Несколько секунд они смотрят друг на друга, до нее доходит, но надо сказать вслух, чтобы убедиться.
– Он среди нас. Он убивает. Мы находим. Но не видим связи.
– Бабы глупеют, когда рожают. А ты молодец. Держишься.
Самарин снова прерывает Есеню, обращая внимание на папки с делами, которые, как главы книги, разложены на столе в допросной.
– Вам не кажется сейчас, что все, сказанное Меглиным о нашем неуловимом Мориарти, может быть легко применено и к нему?
– То есть он что, внутренне адски хохотал все время, пока мы с ним работали?
– Возможно.
– Нет, я бы почувствовала.
– Люди по двадцать лет живут с серийниками и не чувствуют. Правду о близких трудно принять…
– Мы не были близки.
– Разве? – Самарин смотрит на нее с мягким укором.
– Это в прошлом.
– Вам кажется. Что-то все равно остается. Всегда. Вы склонны оправдывать Меглина. Даже не отдавая себе отчета.
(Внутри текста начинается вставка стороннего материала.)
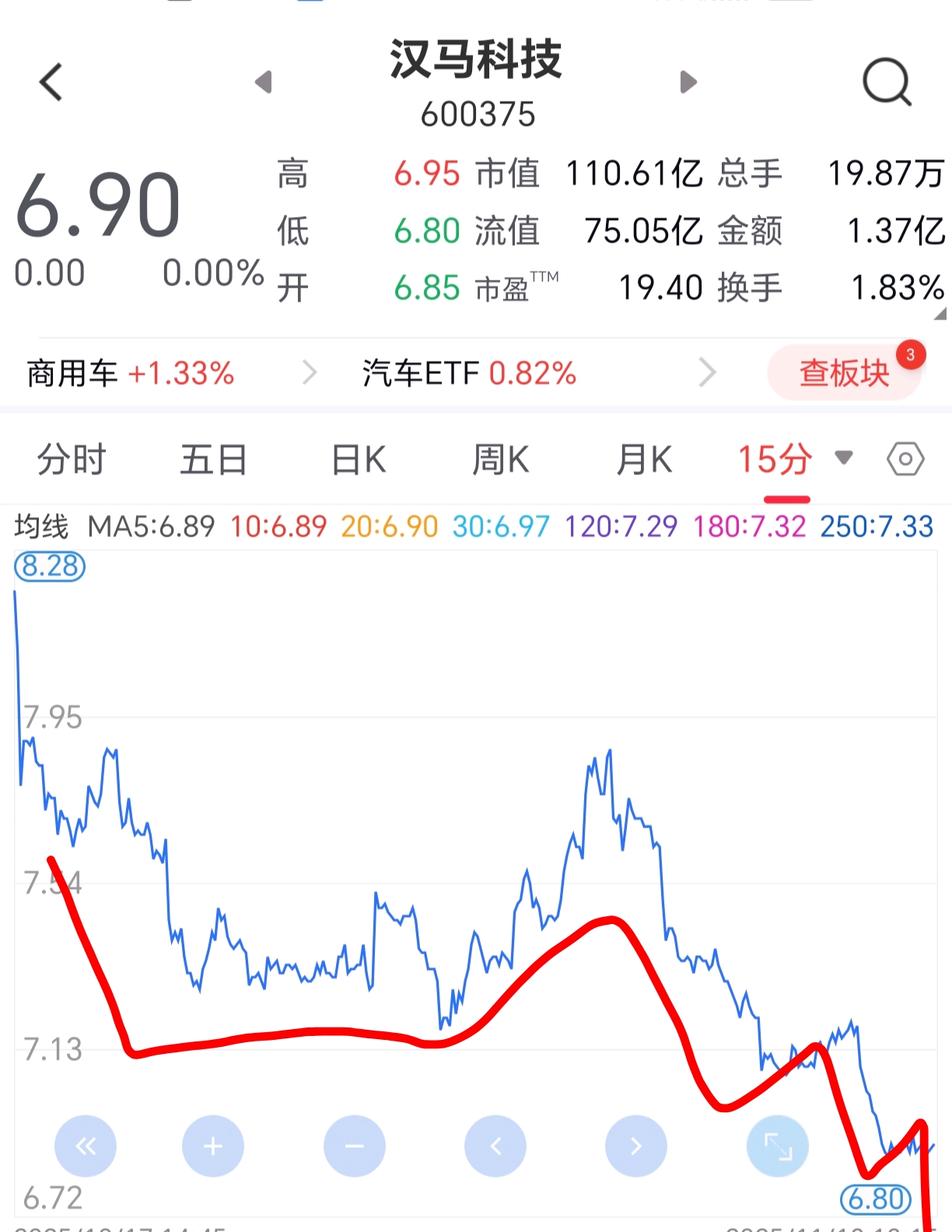 $汉马科技(SH600375)$ 看十五分钟线就很清楚了,高点逐步下移动,低点也逐步下移。

– А вы склонны его обвинять.
– Справедливо. Что ж, давайте отстранимся. Попробуем с чистого листа. Сначала факты. Потом – выводы.
– Идет.
– По каким трем признакам определяют преступника?
– Мотив. Возможность. Почерк.
– Какой мотив у «Ты меня не поймаешь»?
– Социопатия. Доказательство своего превосходства.
– Меглина можно назвать социопатом?
– Да, но…
– Только факты. Он считал себя выше других людей? Да. Мотив был.
– Возможности не было. В клинике он был под присмотром. Потом – тоже.
– Да, но он годами собирал последователей. Паству. Так называемых наших. Известных только ему. Делающих то, что он скажет. Так что возможность тоже была. – Самарин смотрит на нее с удивлением.
– Он даже телефоном не пользовался!
– Или хотел, чтоб вы так думали. И, наконец, почерк. Какой почерк – у «Ты меня не поймаешь»?
– У него нет почерка. Он убивает чужими руками.
– Это и есть почерк. То же самое делал Меглин.
– Нет, он этого не делал.
– Факты, Есеня. – Самарин разворачивает к Есене папку. Раскрывает.
– Аркадьевск. Расскажите. Как все было – там.
Есеня переносится в те несколько дней, когда убийца наводил ужас на маленький провинциальный город. В таких местах обычно никогда ничего страшного не происходит. Но не здесь и не в этот раз.